Breast Cancer, There and Back
by Jami Bernard

• Chemotherapy
• Radiation
• Wig Shopping
• Remedies for Side Effects
• ...and much, much more!

Foreword by Clifford Hudis, M.D. Chief, Breast Cancer Medicine Service, Memorial Sloan-Kettering Cancer Center

DOCTORS EXPLAIN YOUR CANCER TREATMENTS - JAMI BERNARD TELLS YOU EVERYTHING ELSE!

You or someone you love is facing one of the greatest challenges life can hand you. But Jami Bernard lets you in on a secret: You can do it. A breast cancer veteran herself, Jami shows you how chemotherapy and radiation-as difficult as they are-can simply be roads on your journey to recovery. And she offers tips and insights that are sure to help you on your way.
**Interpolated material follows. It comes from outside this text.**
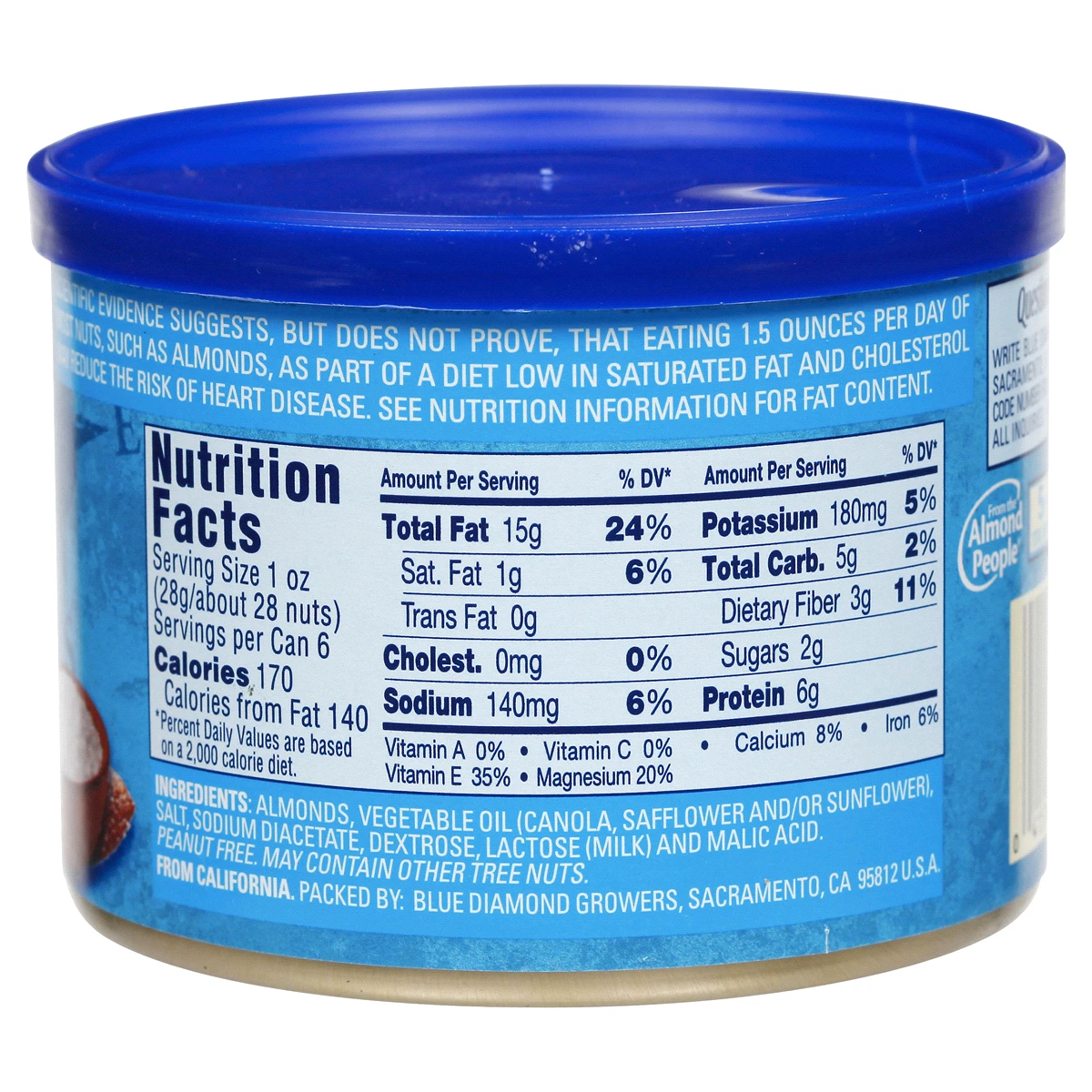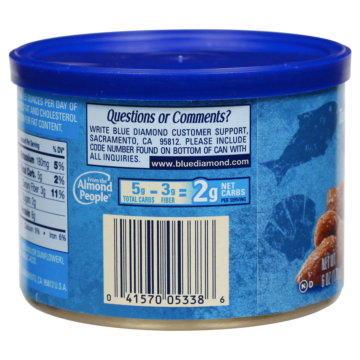 Intense taste! Smart snacking! Artificially flavored. Questions or Comments? Write Blue Diamond Customer Support, Sacramento, CA 95812. Please include code number found on bottom of can with all inqui…

In this upbeat guide, Jami, film critic for the New York Daily News, looks back on her time in “Cancer World” with a sense of accomplishment and empowerment. Now she's the best girlfriend you could have, one who gives you the down-to-earth advice, hilarious truths, and wonderful emotional support. Discover:

• How to deal with unexpected emotional ups and downs, including manic moods and nonstop worrying

• How to handle losing your hair without losing your self-esteem

• What to eat during chemo, including foods that stop nausea

• How to deal with friends and family who do more harm than good

• How to overcome “needlephobia”-including step-by-step strategies from the author's personal struggle

• Natural ways to conquer insomnia, a common cancer side effect

• Words of wisdom from other cancer survivors.

• ...and much more!

BREAST CANCER, THERE AND BACK

…is irreverent, nitty-gritty, and right on target with facts about meds, therapy sessions, beauty aids, and sex, too. And it can be better than chocolate for lifting your spirits.

“IT WAS A TOUGH YEAR...
But, here's the thing-I remember that year with a great deal of fondness! Weird, but true, and not as uncommon as you'd think....Most of the women I know who have had breast cancer came to regard it as a challenge. We adapted, coped, and learned to fit cancer into our schedules so that it became something we could handle physically, mentally, and practically. In the process, we discovered new and wonderful things about ourselves and others....It was an Outward Bound for the soul.” “Happiness and well-being are not guaranteed side effects of breast cancer treatment. They are things you have to work at, just as you will work on minimizing the more unpleasant side effects of chemo and radiation. This book will help you do both. It is a practical guide that will take you step by step through those scary sounding treatments, the chemo and radiation that often come after surgery for breast cancer. This book is designed to help you avoid or cope with the unpleasant stuff, and also to lift your spirits and help you find strength and wisdom through your experience.”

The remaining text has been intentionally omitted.